At Leiden, anthropology students study “the everyday practices of individuals and groups around the world in relation to the complex global challenges of diversity, sustainability, and digitalisation.” We support students in their academic endeavour to engage in socio-cultural and political issues, particularly addressing intersecting injustices. Across the globe there’s a call to attend more radically and reflexively to societal issues addressed in anthropology curricula/education. This asks for a critical usership of digital tools. For if educators categorically exclude AI driven technologies from the curriculum, how can we support students in developing the capacity to critically engage with the processes of digitalisation permeating all socio-cultural phenomena?
Towards a technical pedagogy
The transnational research network Pirate Care offers a framework that engages the socio-cultural assumptions of digital tools, including the user worlds students and educators are or might become part of. The network proposes a technical pedagogy as an engaged mode of learning. Whereas the interfaces of many digital tools appear simple and user-friendly, “these simplified interaction patterns occlude the complexity of computing infrastructures and the intricacy of the social behaviors they generate”.
Put differently, our increasingly mediated realities might not necessarily lead to technological literacy. Not being able to orient ourselves in and make sense of AI induced environments runs the risk of amplifying our dependency on big tech. Stronger yet, for Pirate Care, “the introduction of ubiquitous digital technology coincides with a loss of autonomy that takes on the contours of an experience of deskilling”. The more specialised our knowledge becomes, the more difficult it will be to gauge the complexity and diversity of AI technologies in the worlds we inhabit.

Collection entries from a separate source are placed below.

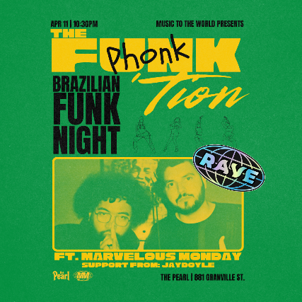 DJ/producer duo Marvelous Monday (DATGUYRY & SOKRATES) will be on deck all night with support from JAYDOYLE, spinning pure Baile Funk along with exclusive remixes of popular tracks, flipped with that signature funk bounce. No filler, no slow moments—just nonstop movement from start to finish.
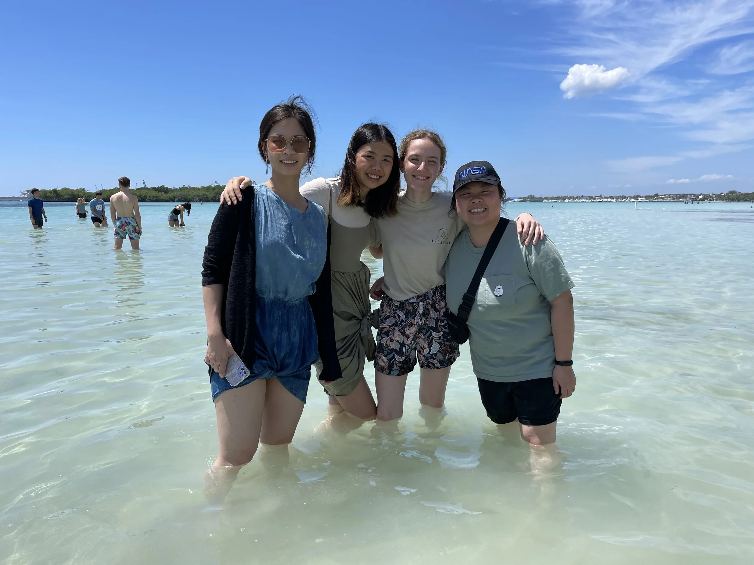 Four women standing together in shallow, clear water at the beach, smiling, with others in the background enjoying a sunny day.
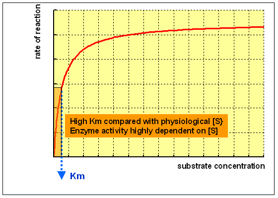 An enzyme with a high Km relative to the physiological concentration of substrate, as shown above, is not normally saturated with substrate, and its activity will vary as the concentration of substrate varies, so that the rate of formation of product will depend on the availability of substrate.

There’s the possibility that extensive bans on large language models and other AI technologies haphazardly leads to technical deskillment, rather than the hoped-for empowerment of students. The Pirate Care network suggests that “we need to get to know the tools we use better” (p.130): what is needed is a critical pedagogy pertaining to technical enskilment and critical usership.
Enskilment as pedagogical value
This is not to say that we must embrace all things artificial. But there’s more to large language models such as ChatGPT than “risks” and “opportunities”. Not all things digital or computational are binary in form or meaning.
By using algorithmic models as a resource (alongside traditional publications), we can invite students to scrutinise cultural biases built into these models. By designing assignments that engage emerging technologies, we can acquire the skills needed to assess in what ways algorithms can be oppressive. By exposing AI technologies in courses that are historically ‘non-digital’, students and educators can collectively explore the pervasive entanglements between human and nonhuman technologies. In short, we might engender pedagogical approaches that – paraphrasing the Precarious Workers Brigade – “assist the project of radically amending a world deeply mixed in social and ecological crises”.
As emergent technologies reproduce (or challenge) existing axes of marginalisation and oppression, their significance for the field of anthropology is indisputable. Rather than prescribing what a ‘good’ or ‘successful’ technological tool for education is or can be, educators can facilitate learning spaces that help us gauge what an increasingly digitalised society might look like. In so doing, students and teachers alike might practice critical usership or design alternative models, rather than ban consumption or perform moralist acts of policing. Through technical enskilment we can try to unpack the socio-cultural assumptions and multiple meanings of technologies that are or will be.